Can we agree that this is getting out of hand? Assassination attempts – which is what this is – open a new front in football’s most depressing rivalry. At this point it’s customary to blame both sides and appear above the fray. But no-one’s sending bullets and parcel bombs to Walter Smith are they?

No doubt people will again argue that the existence of Catholic schools is somehow responsible for this senseless sectarianism. If only protestant neds were schooled [sic] in the company of their Roman Catholic counterparts they’d appreciate they have more in common with them than they realise! Something like that anyway. And so it follows that parents’ perfectly reasonable desire to choose their childrens’ education must be forfeited to assuage the lowest, basest elements of Scottish society. If in doubt, blame the victims and shift attention from the real problem which is, in this instance, the ridiculous pathologies of a certain strand of West of Scotland* masculinity.
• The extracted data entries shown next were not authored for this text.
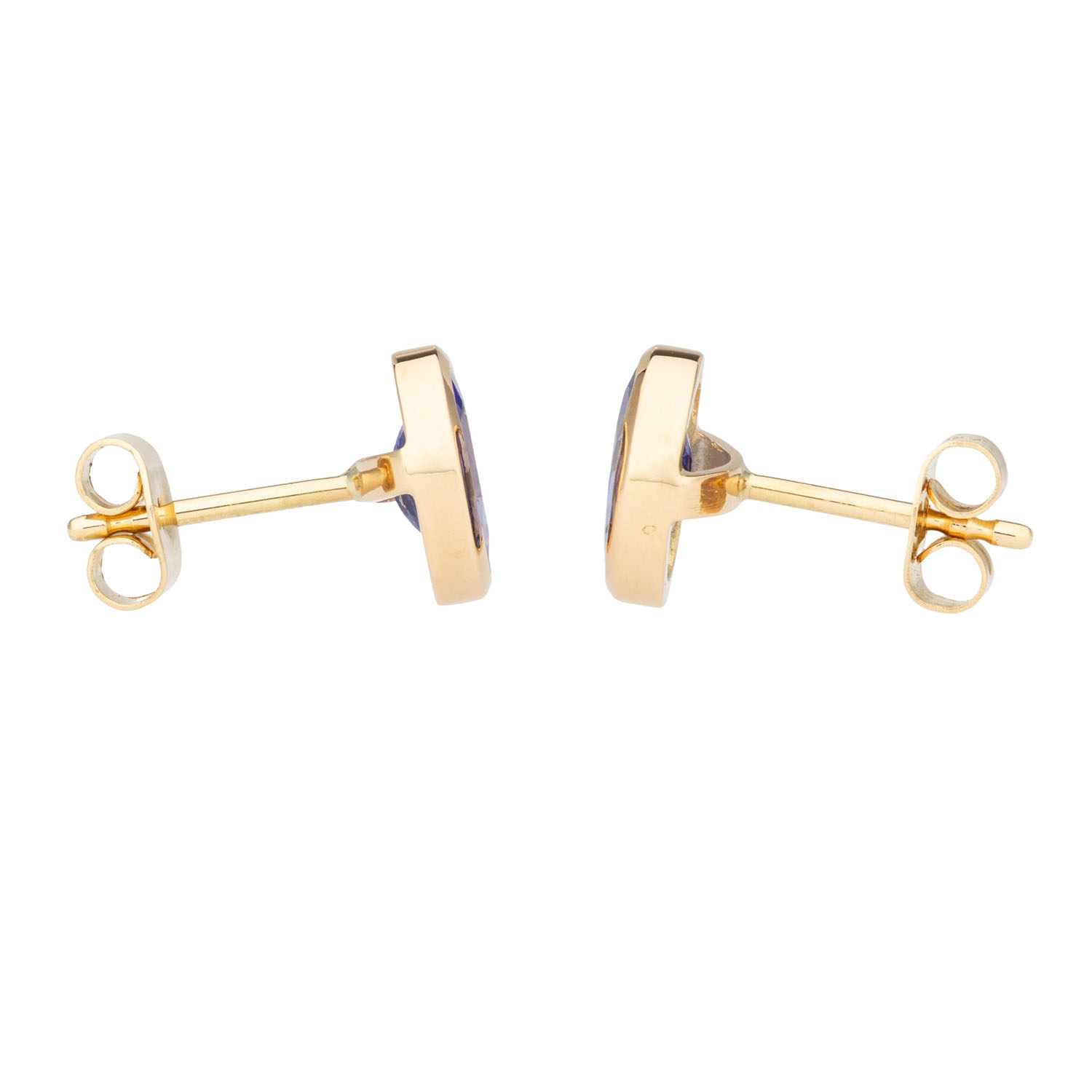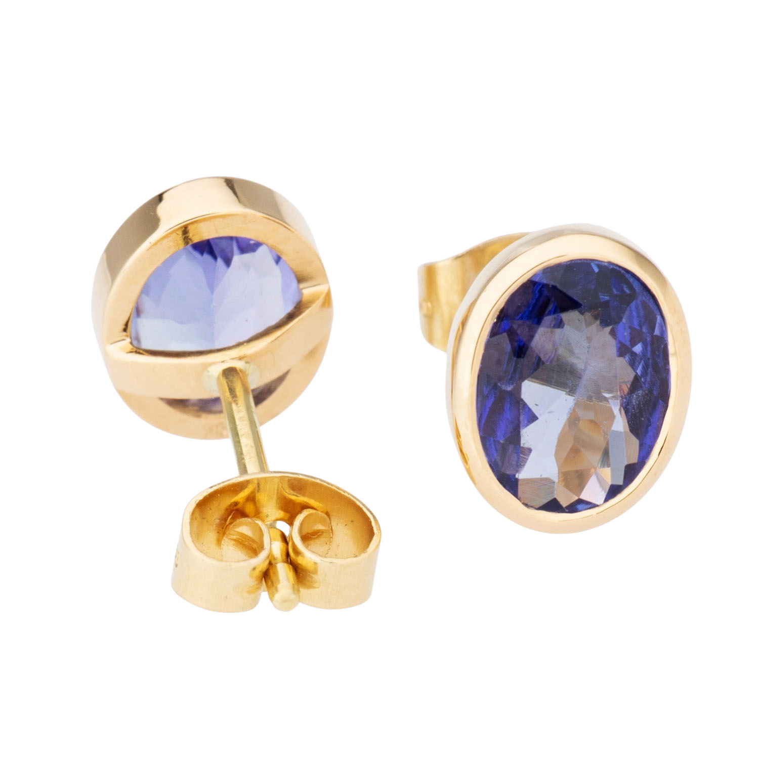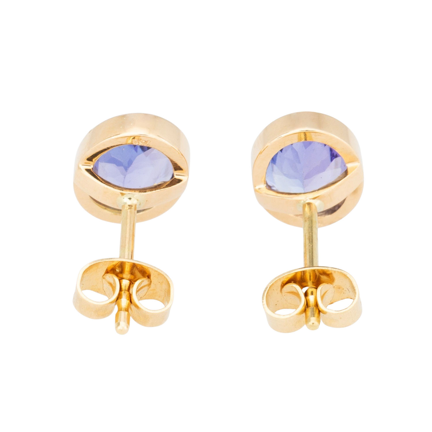 Pair of stud earrings with tanzanite, totalling ca. 2.27 ct, 18K YG, 2.5g, 9.4 x7.4 mm, 21st century, mint condition.
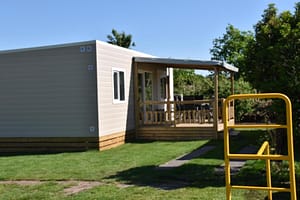 Luxe lodge voor 5 personen met veranda Moderne lodge met 2 slaapkamers.Open keuken met vaatwasser, koelkast, kookgelegenheid, royale inventaris, waterkoker, koffiezetapparaat...
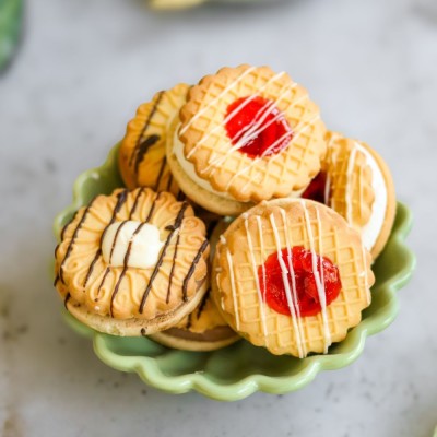 Pienione ciasteczka połączone marmoladą o samku czarnej porzeczki – o wyrazistym, lekko kwaskowym smaku, który przyjemnie kontrastuje z ich subtelną słodyczą. Całość oprószona cukrem pudrem, przywodzi na myśl domowe wypieki z dzieciństwa. Idealne na chwilę słodkiej nostalgii.
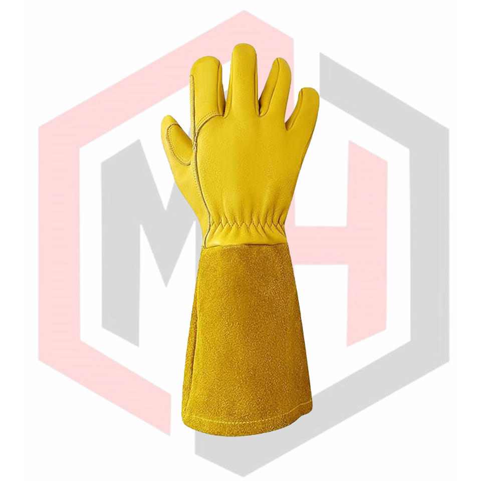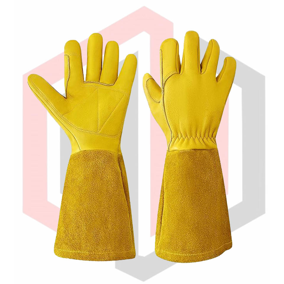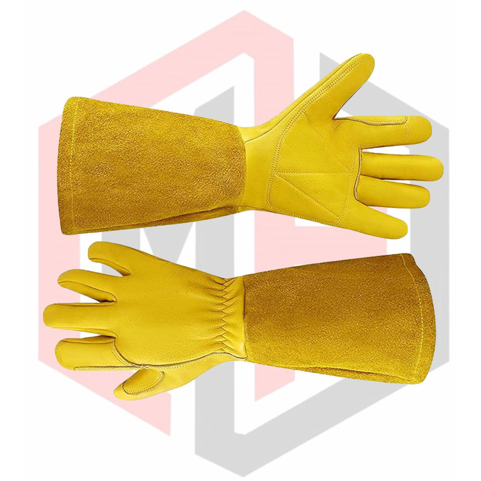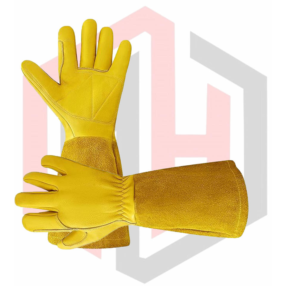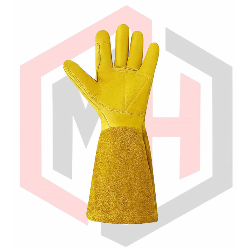 Gants de soudage en cuir de vachette jaune de qualité supérieure, personnalisés, longueur de 14 pouces, gants de sécurité durables, antidérapants, respirants
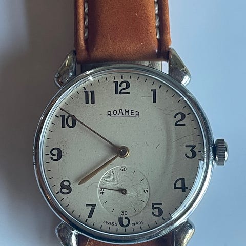 Flot vintage Roamer Brevete med subseconds og en flot patineret skive. Mekanisk værk med manuelt optræk. 35 mm uden krone
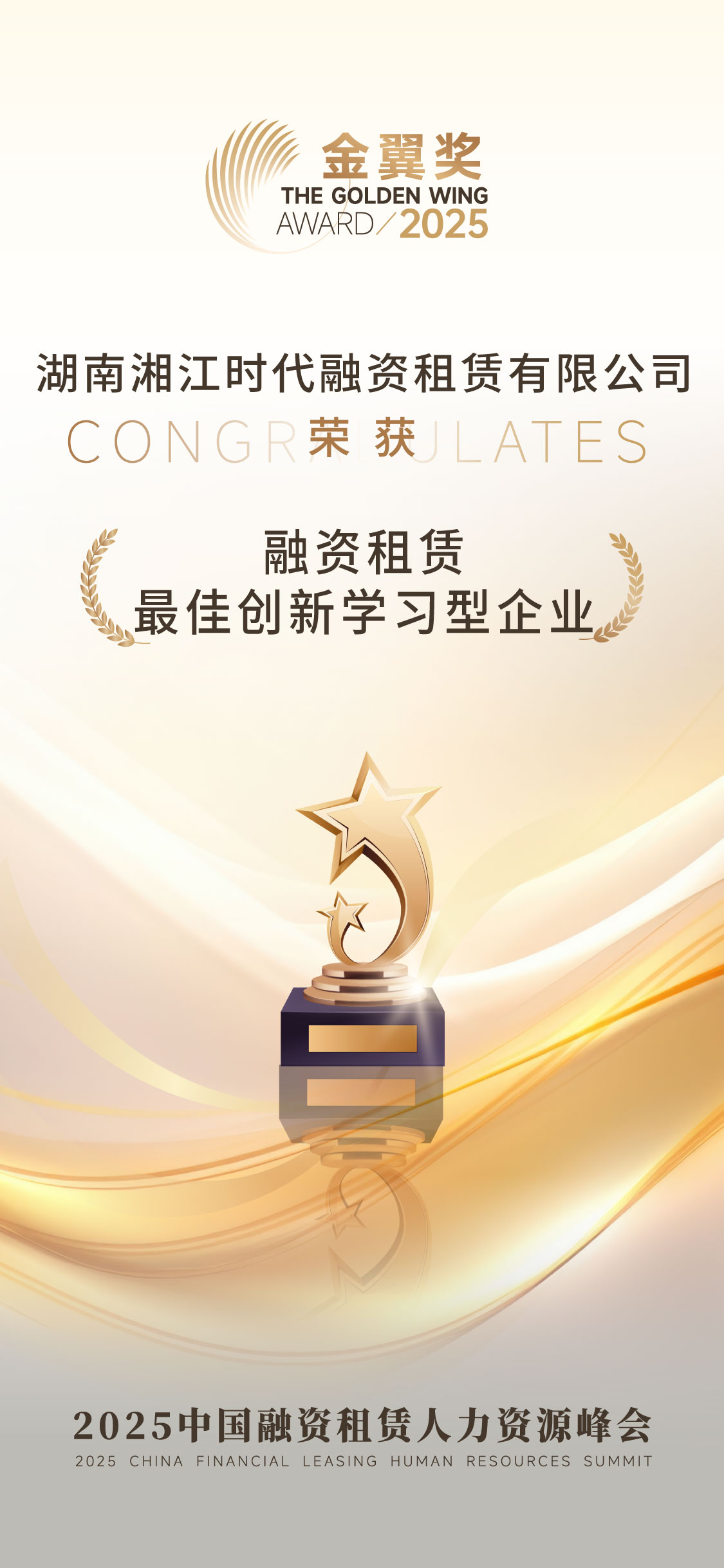 近日,由融易学主办的“2025第二届中国融资租赁人力资源峰会”在深圳圆满落幕。融资租赁金翼奖多项荣耀奖项重磅揭晓。湖南湘江时代融资租赁有限公司荣获“融资租赁行业最佳创新学习型企业奖”。
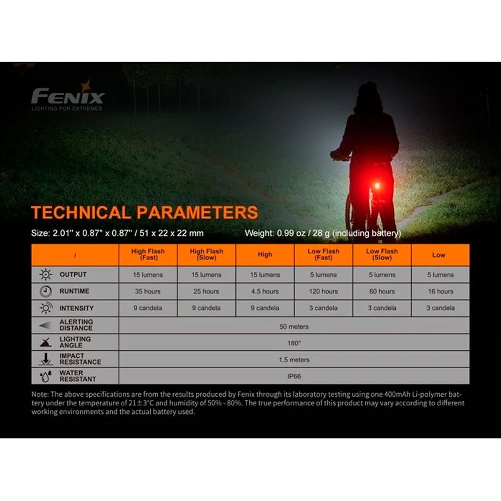 La versión mejorada de FENIX BC05R V2.0 LUZ ROJA TRASERA PARA RUNNING Y BICI es una luz trasera recargable ultracompacta con una llamativa luz roja diseñada para corredores y amantes de la bicicleta. Ser visto a lo lejos en el tráfico con una luz roja de 15 lúmenes y un ángulo de iluminación de 180° ayudará a que los viajes en bicicleta sean mucho más seguros y le brindarán tranquilidad en su viaje en bicicleta.
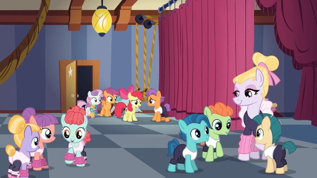 And now comes the part where Apple Bloom organically encounters a cutie mark problem. Desperate for things to do, she hears a dancing teacher with a Russian accent, complete with omission of words like “a” and “the” plus some stereotypical Russian seriousness, and she eagerly joins in.
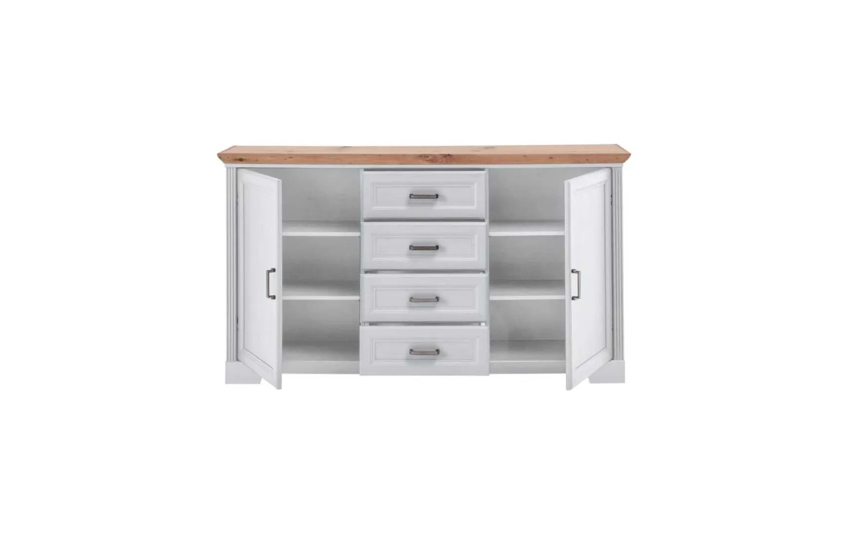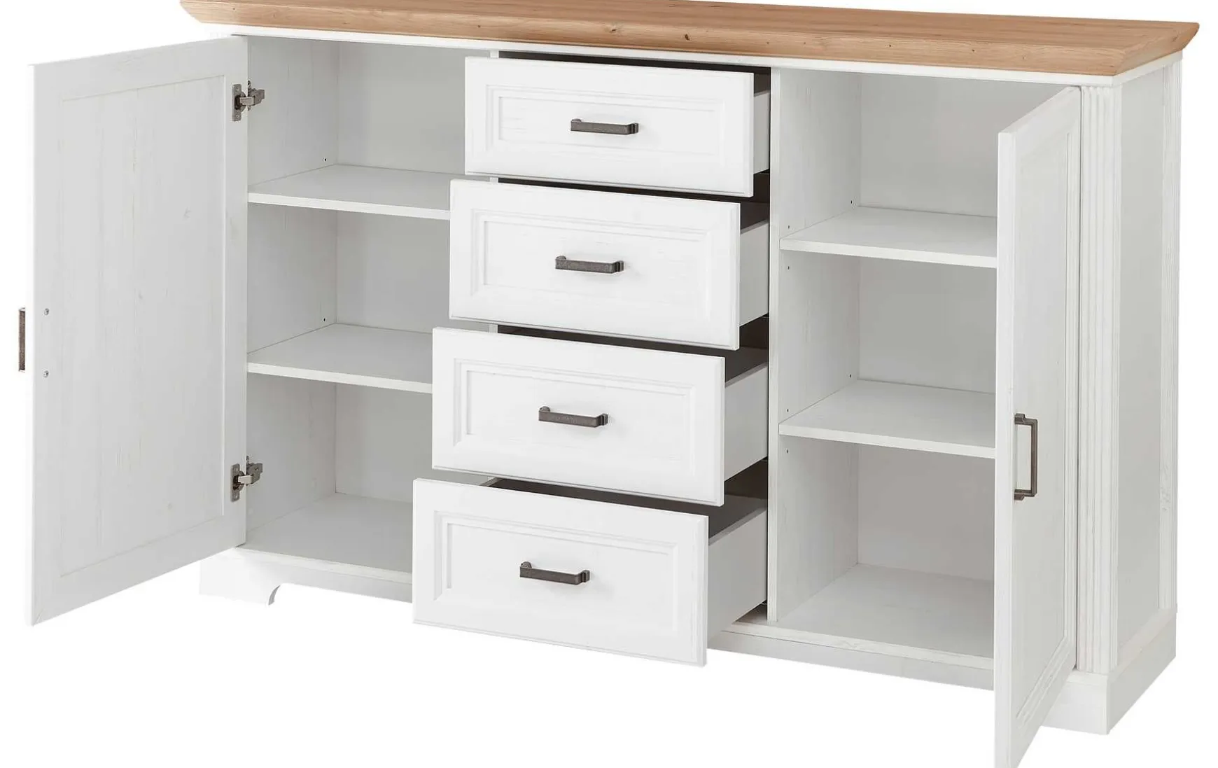Diese Kommode bietet viel Stauraum in deinem Schlafzimmer oder weiteren Wohnbereichen. In den insgesamt vier Schubkästen und hinter den beiden Drehtüren, mit insgesamt vier Einlegeböden, kannst du Bettwäsche, Handtücher oder andere Gegenstände sorgfältig verstauen. Die Kommode besticht durch die harmonische in Anderson Pine gehaltene Ausstrahlung und den geschmackvollen Farbton in Artisan Eiche Nachbildung bereichert dein Zuhause. Die Kommode Jasmin ist praktisch und zugleich ein echter Hingucker im Schlafbereich.
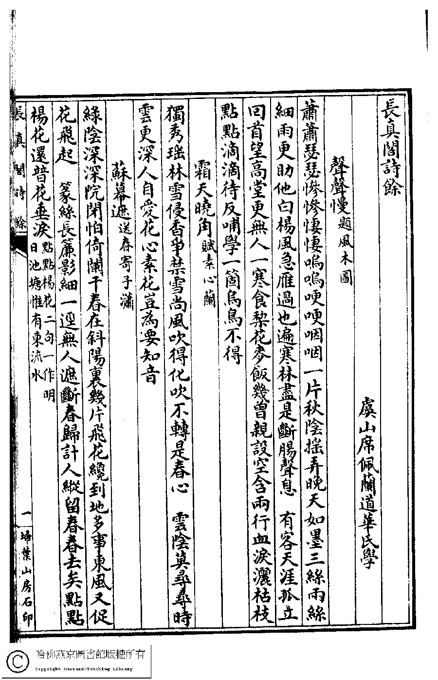 | 原書: 長真閣集﹕七卷﹐詩餘﹕一卷(清席佩蘭撰) |
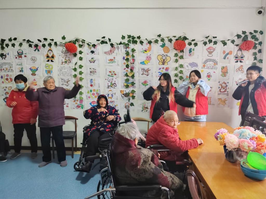 活动现场,志愿者为社区的老人们带来了精彩的文艺表演。同学们通过和老人们一起玩游戏,拉进了心与心之间的距离,欢快的歌声拂去了老人心中的孤寂。随后,同学们来到老人们的住处,为老人们整理房间,打扫卫生,询问老人们的生活和身体状况。
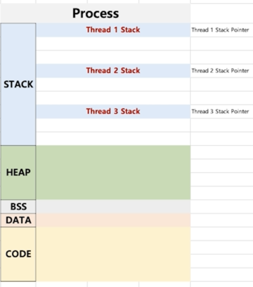 ์ค๋ ๋๋ฅผ ๋ง๋ ํ๋ก์ธ์ค๋ ๊ฐ ์ค๋ ๋๋ค์ ์คํ ์์ญ์ ๊ฐ๋ฅดํค๋ ์คํ ํฌ์ธํฐ์ ์ค๋ ๋๋ค์ ์คํ๋ ๋ช ๋ น์ด์ ์ฃผ์๋ฅผ ๊ฐ์ง๊ณ ์๋ PC(ํ๋ก๊ทธ๋จ ์นด์ดํฐ)๋ฅผ ์คํ ์์ญ๊ณผ ํ ์์ญ ์ฌ์ด์ ๊ณต๊ฐ์ ์ ์ฅํ๋ค.
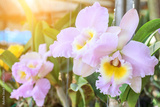 Orchid flower in the garden at winter or spring day for postcard beauty agriculture idea concept design. Cattleya orchid is a genus in the orchid family (Orchidaceae)
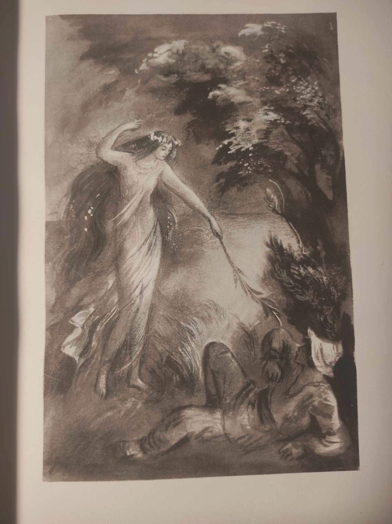 Słowacki Juliusz, Dramaty [oprawa artystyczna] [oprawa luksusowa] [prezent] [Jan Marcin Szancer] [ilustracje], Warszawa 1955, Państwowy Instytut Wydawniczy, 513, [3] s., oprawa luksusowa pełnoskórzana z bindami, ze złoconą tytulaturą na licu i grzbiecie, ozdobną bordiura na licu i odwrocie oraz zdobionym grzbietem sygnowana wlepką na wyklejce: Kurtiak i Ley, obcięcie kart ręcznie malowane, dedykacja na stronie przed przed tytułowej – dołączonej przez introligatora na odmiennym papierze – nie będąca oryginalną częścią książki, bardzo dobry stan zachowania.
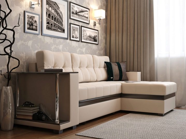 أرائك الزاوية جيدة جدا. إنهم يجعلون البيئة أكثر إثارة للاهتمام ، وبمساعدتهم يسهل تمييز منطقة الاستجمام. يتم شراؤها للمباني الفاخرة والشقق العادية بمساحات مختلفة..
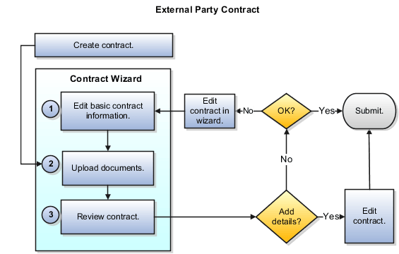 次の図は、外部パーティ用の契約ウィザードを使用して契約をオーサリングするプロセスの概要を示しています。
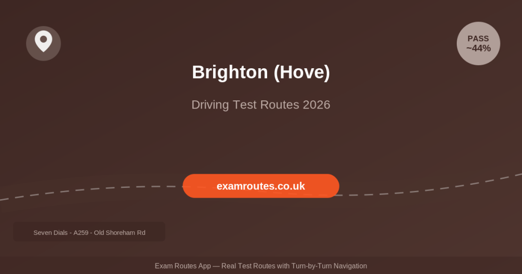 Master the Seven Dials roundabout from every approach — practise it until you could navigate it with your eyes closed. Learn the bus lane rules for the seafront roads. Practise lane discipline on Old Shoreham Road and the A27 slip roads. Get used to navigating narrow residential streets with parked cars on both sides. Pay attention to the frequent speed limit changes — Brighton has many 20 mph zones that are easy to miss. On test day, stay calm in heavy traffic and remember that the examiner expects you to drive safely, not quickly. The Exam Routes app lets you practise the exact routes beforehand, which is invaluable for building confidence at this centre.
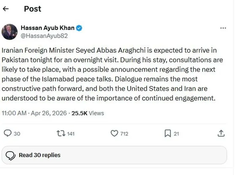 حسن ایوب خان، خبرنگار «آری نیوز» پاکستان، در شبکه اجتماعی ایکس نوشت: انتظار می‌رود سید عباس عراقچی، وزیر امور خارجه ایران، امشب برای یک سفر یک روزه وارد پاکستان شود. در طول اقامت او، احتمالاً رایزنی‌هایی انجام خواهد شد و احتمالاً در مورد مرحله بعدی مذاکرات صلح اسلام آباد اعلامیه‌ای صادر خواهد شد. گفت‌و‌گو همچنان سازنده‌ترین مسیر پیش رو است و هم ایالات متحده و هم ایران از اهمیت تعامل مداوم آگاه هستند.

When it comes to the ghastliness of Old Firm football, it seems that matters are getting worse, not better. I suspect this is a consequence of the Scottish league being less competitive than at any point since the Second World War. It’s as bad as the inter-war period when the pair harvested all but one championship. Such an uncompetitive league helps ensure that the four Old Firm games – the “greatest derby in the world” don’t you know? – will essentially decide the title, giving the fixture an importance that would be diluted were each to lose to other teams more frequently.

Meanwhile, the Daily Mash has a splendidly sardonic reaction to this latest escalation:

Scottish football’s premier league is to award three points for a successful bombing campaign.

From next season teams will be encouraged to pick off each other’s players and management with sniper rifles, land mines and grenades

[A league spokesman added]: “Scottish football has never really been about football, as anyone who has seen one of the matches would almost certainly agree.”

[…] The move has been welcomed by other clubs who say that competitive murder could finally end the domination of Rangers and Celtic.

A spokesman for Dundee United said: “They will be able to afford bigger bombs and guns and bring in expensive foreign assassins who want the chance to kill people in Europe, but we will focus on guerilla tactics and the element of surprise.”

Quite.

Solve the Glasgow Problem and you solve most of Scotland’s problems. If one felt Holyrood could do this there’d be a decent case for giving the city its own dedicated department and cabinet minister.

*Not an exclusively western problem but largely so.